This program is try to do something that I have no idea to detect if it is even distantly correct. I was able to find a peculiar dataset called X-Ray Defraction Imageset thanks to Czyzewski et. al. The imageset was downloaded for traning the dataset from the link available here. I love to try out something new as a hobby and see how it works out to be.

Czyzewski, Adam, Krawiec, Faustyna, Brzezinski, Dariusz, & Porebski, Przemyslaw J. (2019). RefleX: X-ray diffraction images dataset (Version 1.0.0) [Data set]. Zenodo. http://doi.org/10.5281/zenodo.2605120

X-Ray Defraction Imageset from here

Tracking Experiments

Now we are going to explore options on how to get our accuracy high enough. We have various tools that track the experiments that were done. Having such things help us to understand what hyper parameters to choose and get intutions on what experiments to try.

We are going to use WandB which is one amoung the top tools used.

I may use this for klogging my experiments. However, Since the one that gave the best result is shown below, its trivial if you use WandB and WandBCallback.

#collapse
import os
os.environ['WANDB_BASE_URL'] = 'http://localhost:8080'
from fastai2.callback.wandb import wandb,WandbCallback

Extract Data

If you havent extracted the zip file, the first step might be to extract it. The extraction can be manual or can be done using Python

Setup the notebook

The first step might be to setup the notebook and set path correctly. This will remove all possible hindrences on later.

Lets just import the required libraries from fastai2. As it is a vision task we shall try importing fastai2.vision

Also the file that maps the labels to the images is a CSV. we know pandas is good at tabular data and is the most convinent way to handle CSV data. So, we include that as well

from fastai2.vision.all import *
from fastai2.vision.widgets import *
import pandas as pd 

We create path variable to be pointing to the location wherever it is downloaded

#collapse
path=Path("../../data/Multi-label/")
Path.BASE_PATH = path

Path from pathlib by itself doesn't have a convenience function to list all child files/folders. we may have to actually do list(path.iterdir()) to get that. Fast-AI however has made a convenient function .ls() that gets overloaded as we import the library

files=path.ls()
files
(#3) [Path('images'),Path('labels.csv'),Path('reflex_img_1024_inter_nearest.zip')]

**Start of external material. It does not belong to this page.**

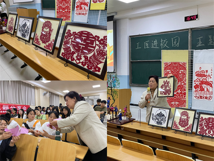 陕西省非遗保护项目——户县社火传承人宋志荣先生分享了从对社火文化的喜爱,到几十年如一日的深耕到社火文化的宣传与传承工作中,以及他创新思想通过制作微缩社火模型等方式多元宣传社火文化深受同学们喜爱,使学生们深刻感受到了能工巧匠的专注与中华传统文化的魅力。
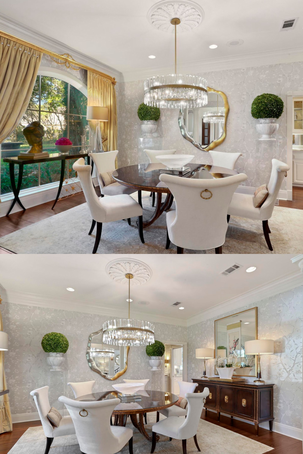 Dinner here feels like a treat, even if it’s just pizza night. The dining room is wrapped in pale wallpaper with a soft floral pattern. Gold curtains frame a huge arched window. There’s a round table with cushy, high-backed chairs, ready for long talks and laughter. A round crystal chandelier shines above. A gold-framed mirror and sculpted topiary trees bring a playful touch of Parisian flair.

Here we see that the images are available in the images folder and the label-image mapping is done in labels.csv. The original downloaded zip file is the other reflex_img_1024_inter_nearest.zip file that is available. However it is never used in this program

Analysis

I have no idea how the data is in the CSV or image. Lets just load the data and have a look at it

labels_df=pd.read_csv(path/'labels.csv')
labels_df
image loop_scattering background_ring strong_background diffuse_scattering artifact ice_ring non_uniform_detector
0 152803_2_0001 1 0 1 0 0 0 0
1 81258_1_E1_001 1 1 1 0 0 0 0
2 HMCb11_AY6-7_00001 0 1 1 0 1 0 0
3 195706_1_E2_00001 0 0 0 0 1 1 0
4 nui1-10_1_001 1 1 1 0 0 0 0
... ... ... ... ... ... ... ... ...
6306 wjm1-6 0 1 0 0 0 0 0
6307 xtal-C7-eg.0001 0 0 0 0 0 0 1
6308 AR1_IF0130_screen_0001 0 0 1 0 1 0 1
6309 215574f10_x0001 1 1 1 0 0 0 0
6310 63667_1_E2 1 0 0 0 0 1 0

6311 rows × 8 columns

Now we see that the CSV has image as the first column and columns that representing the label as list of columns each reflecting 1 or 0 as in True or False.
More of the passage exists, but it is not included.